Le vent du changement a finalement emporté le colonel Mouammar Kadhafi, malgré sa détermination à contrer les insurgés et leurs alliés.
La mort tragique de l’ex-dirigeant libyen soulève des questions sur l’avenir du pays et pose des défis à relever. L’ex-guide la Jamahiriya arabe libyenne qui a hissé son pays à un niveau honorable de développement économique, laisse un lourd héritage à ses adversaires du CNT (Conseil national de transition). Ces derniers doivent s’atteler à la reconstruction de la Libye, un pays ravagé par huit mois de manifestations et de conflits armés. Aux commandes du pays depuis la prise de Tripoli survenue le 23 août dernier, les dirigeants de l’ancienne rébellion n’ont pas pu accorder leurs violons sur la formation d’un gouvernement de consensus. Ils ont décidé de compléter leur cabinet après la « Libération du pays » qui serait annoncée aujourd’hui. Fragilité du Conseil national de transition et luttes régionales pour le contrôle des ressources vont compliquer grandement la tâche des artisans de la Libye débarrassée de Mouammar Kadhafi. “L’avenir sera extrêmement difficile à gérer”, estime Jean-Yves Moisseron, chercheur à l’Institut de recherche sur le développement (IRD), évoquant les “dissensions” au sein du CNT, organe politique de la rébellion libyenne.

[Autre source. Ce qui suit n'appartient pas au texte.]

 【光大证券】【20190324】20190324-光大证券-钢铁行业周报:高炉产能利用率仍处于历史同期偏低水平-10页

A l’heure actuelle, le CNT apparaît comme un regroupement de chefs de tribus, d’anciens responsables politiques de Kadhafi et de quelques personnalités de la société civile. Ceci pose une nécessité absolue de représentativité pour les nouvelles autorités qui doivent également définir clairement les contours de la transition devant déboucher sur des élections démocratiques. En attendant, force est de constater que des conflits entre tribus et entre chefs politiques qui veulent s’approprier les recettes pétrolières nourrissent des “conflits internes extrêmement forts” au sein du Conseil.

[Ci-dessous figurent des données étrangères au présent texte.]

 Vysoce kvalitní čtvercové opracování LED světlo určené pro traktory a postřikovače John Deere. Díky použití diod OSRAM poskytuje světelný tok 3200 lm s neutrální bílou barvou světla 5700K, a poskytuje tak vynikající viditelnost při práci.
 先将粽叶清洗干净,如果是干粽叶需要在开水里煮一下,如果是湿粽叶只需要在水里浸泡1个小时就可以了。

Pour Olivier Pliez, chercheur au CNRS (Centre national de la recherche scientifique) de Paris, une autre manne, celle issue des échanges commerciaux trans-sahariens, risque d’être disputée entre des groupes qui pourraient vouloir contrôler les routes du commerce. Olivier Pliez s’attend toutefois à l’éclosion de revendications diverses, compte tenu des inégalités régionales. Des régions ont été délaissées par le pouvoir, d’autres ont été bien aménagées et bien dotées avec l’argent du pétrole. On ne devrait pas minimiser une “hostilité latente intertribale avec des conflits constants qui, dans l’Histoire, n’ont pu se régler que quand apparaissait une force transcendante au-dessus des tribus”, comme celle de la royauté (1951-1969) ou celle du colonel Kadhafi en 1969. La chute du régime réactive des conflits d’intérêt et des modes d’organisation de la société libyenne datant du Moyen-Age, dans un pays qui compte 140 “groupes sociaux”, sub-divisés en clans, sous-clans et sous-tribus. La mort de Kadhafi constitue un sérieux avertissement pour les dirigeants, qui font fi de la volonté populaire pour s’accrocher à leurs postes.